(The task):
Reproduce the lines below verbatim. Pictures are to be omitted.

(Records for the exercise):
*****

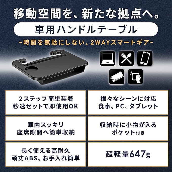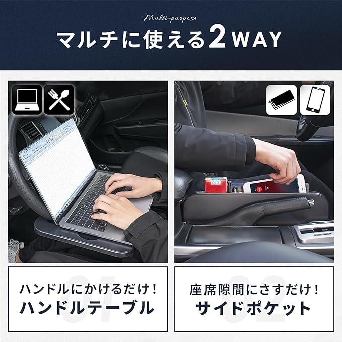 車用 ハンドルテーブル 2WAY 運転席専用 車内テーブル 車載デスク シートサイドポケット付 ノートPC作業 食事 車中泊に最適 取り付け簡単 耐水性 軽量 ドリンクホルダー付
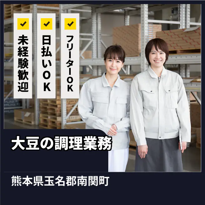◆日払い・仮払いOK(アプリでカンタン申請!) 交通費 支給あり 応募の流れ 本ページ内<応募する>ボタンより、必要項目をご入力の上、ご応募ください。 勤務地 【勤務地】熊本県玉名郡南関町- 勤務時間 【勤務地】8:00~17:00(休憩60分)
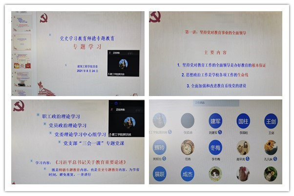 为贯彻落实教育部师德专题教育会议、文件精神的部署和要求,建筑工程学院采取党组织抓宣传动员、理论学习,行政抓部署落实、监督指导,职工抓岗位实施、具体践行的具体措施。学院党委组织成立了师德专题教育理论学习宣讲小组,以深入学习习近平新时代中国特色社会主义思想、习近平总书记教育重要论述为重点组织开展理论专题宣讲活动。
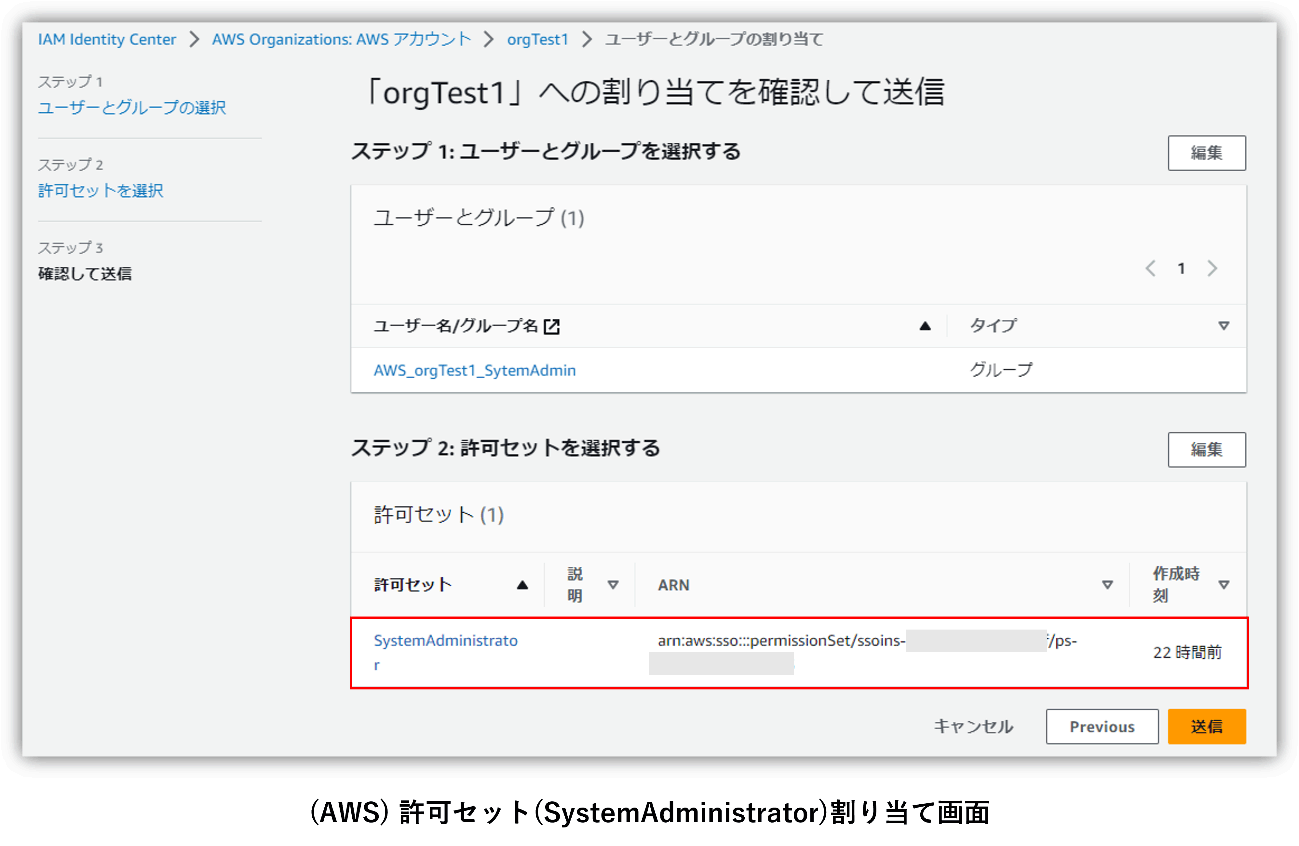 SystemAdministratorユーザーのグループプッシュ用グループ - AWS_orgTest1_SystemAdmin_Assign
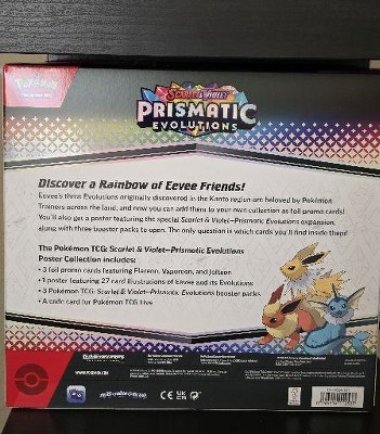 Discover a Rainbow of Eevee Friends! Eevee’s three Evolutions originally discovered in the Kanto region are beloved by Pokémon Trainers across the land, and now you can add them to your own collection as foil promo cards! You’ll also get a poster featuring the special Scarlet & Violet—Prismatic Evolutions expansion, along with three booster packs to open. The only question is which cards you’ll find inside them!
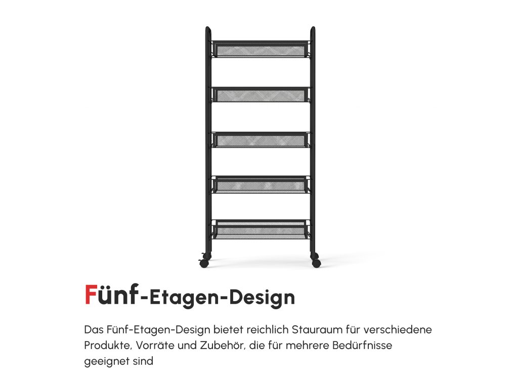 - Všestranný úložný prostor: Tento servisní vozík nabízí díky svým 5 úrovním dostatek prostoru pro kuchyňské náčiní, toaletní potřeby a další předměty denní potřeby. Ideální do kuchyně, jídelny, ložnice, obývacího pokoje, prádelny, garáže a koupelny.
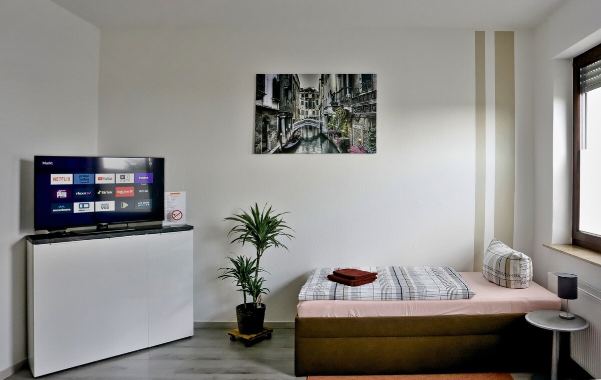 Välkommen till Solingen! Trevlig, centralt belägen källarlägenhet i en lugn sidogata. * Rymmer 1-4 personer *Sovrum: dubbelsäng 180 × 200 *Vardagsrummet: bäddsoffa (160 × 200) *Gratis parkering på tomten *Fullt utrustat kök * Nära till shopping * Mycket bra kommunikationsförbindelser (buss 200 meter, tågstationen Solingen Mitte 400 meter) *Tillgång till liten terrass med trädgårdsmöbler *Sänglinne, handdukar och badlakan ingår *Incheckning från kl. 16:00, utcheckning senast kl. 11:00
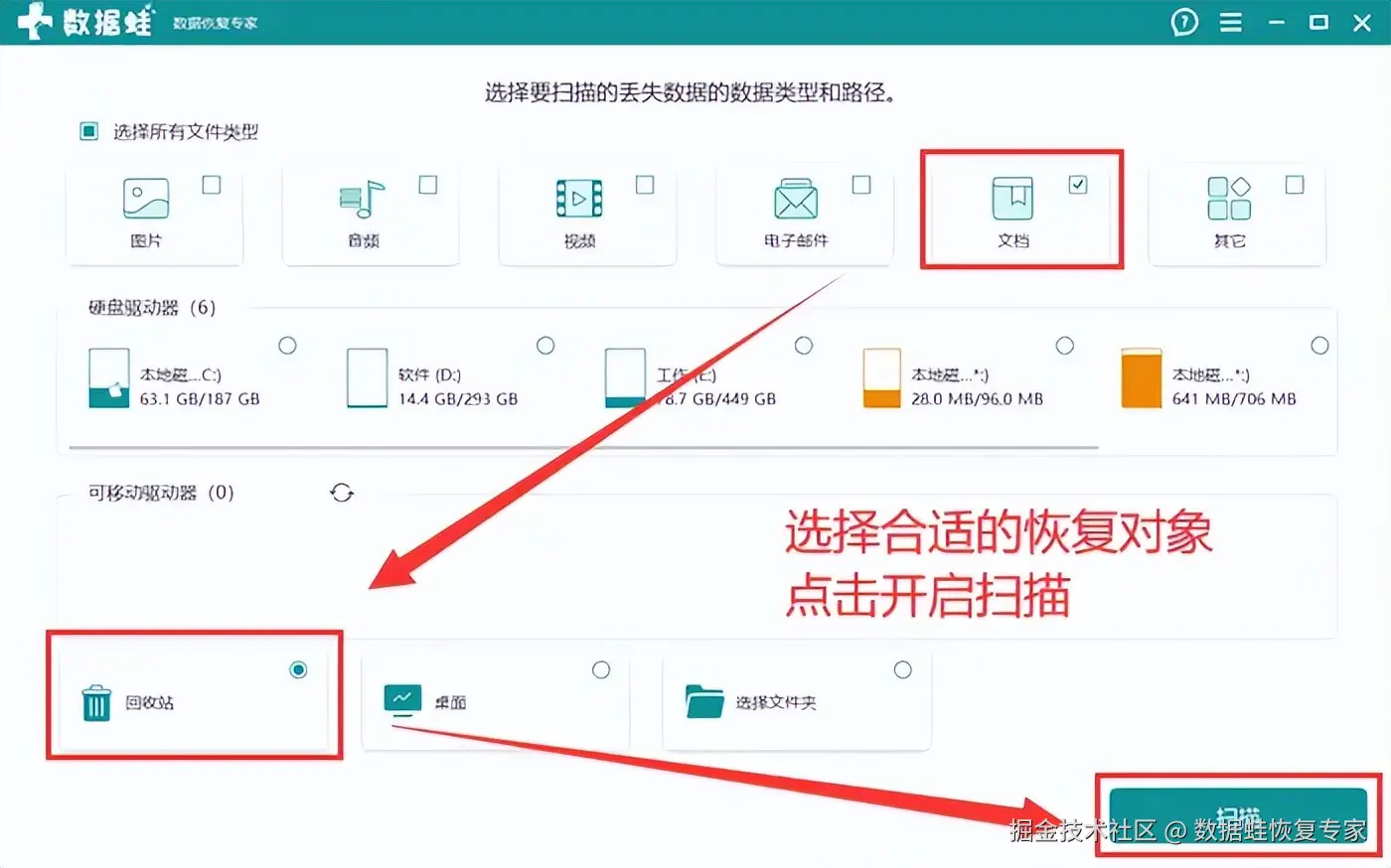 步骤2:在软件界面上,用户可以根据自己的需求选择合适的恢复对象。例如 【回收站】和【文档】 ,再进行扫描。

*****

(Result):
 車用 ハンドルテーブル 2WAY 運転席専用 車内テーブル 車載デスク シートサイドポケット付 ノートPC作業 食事 車中泊に最適 取り付け簡単 耐水性 軽量 ドリンクホルダー付
◆日払い・仮払いOK(アプリでカンタン申請!) 交通費 支給あり 応募の流れ 本ページ内<応募する>ボタンより、必要項目をご入力の上、ご応募ください。 勤務地 【勤務地】熊本県玉名郡南関町- 勤務時間 【勤務地】8:00~17:00(休憩60分)
 为贯彻落实教育部师德专题教育会议、文件精神的部署和要求,建筑工程学院采取党组织抓宣传动员、理论学习,行政抓部署落实、监督指导,职工抓岗位实施、具体践行的具体措施。学院党委组织成立了师德专题教育理论学习宣讲小组,以深入学习习近平新时代中国特色社会主义思想、习近平总书记教育重要论述为重点组织开展理论专题宣讲活动。
 SystemAdministratorユーザーのグループプッシュ用グループ - AWS_orgTest1_SystemAdmin_Assign
 Discover a Rainbow of Eevee Friends! Eevee’s three Evolutions originally discovered in the Kanto region are beloved by Pokémon Trainers across the land, and now you can add them to your own collection as foil promo cards! You’ll also get a poster featuring the special Scarlet & Violet—Prismatic Evolutions expansion, along with three booster packs to open. The only question is which cards you’ll find inside them!
 - Všestranný úložný prostor: Tento servisní vozík nabízí díky svým 5 úrovním dostatek prostoru pro kuchyňské náčiní, toaletní potřeby a další předměty denní potřeby. Ideální do kuchyně, jídelny, ložnice, obývacího pokoje, prádelny, garáže a koupelny.
 Välkommen till Solingen! Trevlig, centralt belägen källarlägenhet i en lugn sidogata. * Rymmer 1-4 personer *Sovrum: dubbelsäng 180 × 200 *Vardagsrummet: bäddsoffa (160 × 200) *Gratis parkering på tomten *Fullt utrustat kök * Nära till shopping * Mycket bra kommunikationsförbindelser (buss 200 meter, tågstationen Solingen Mitte 400 meter) *Tillgång till liten terrass med trädgårdsmöbler *Sänglinne, handdukar och badlakan ingår *Incheckning från kl. 16:00, utcheckning senast kl. 11:00
 步骤2:在软件界面上,用户可以根据自己的需求选择合适的恢复对象。例如 【回收站】和【文档】 ,再进行扫描。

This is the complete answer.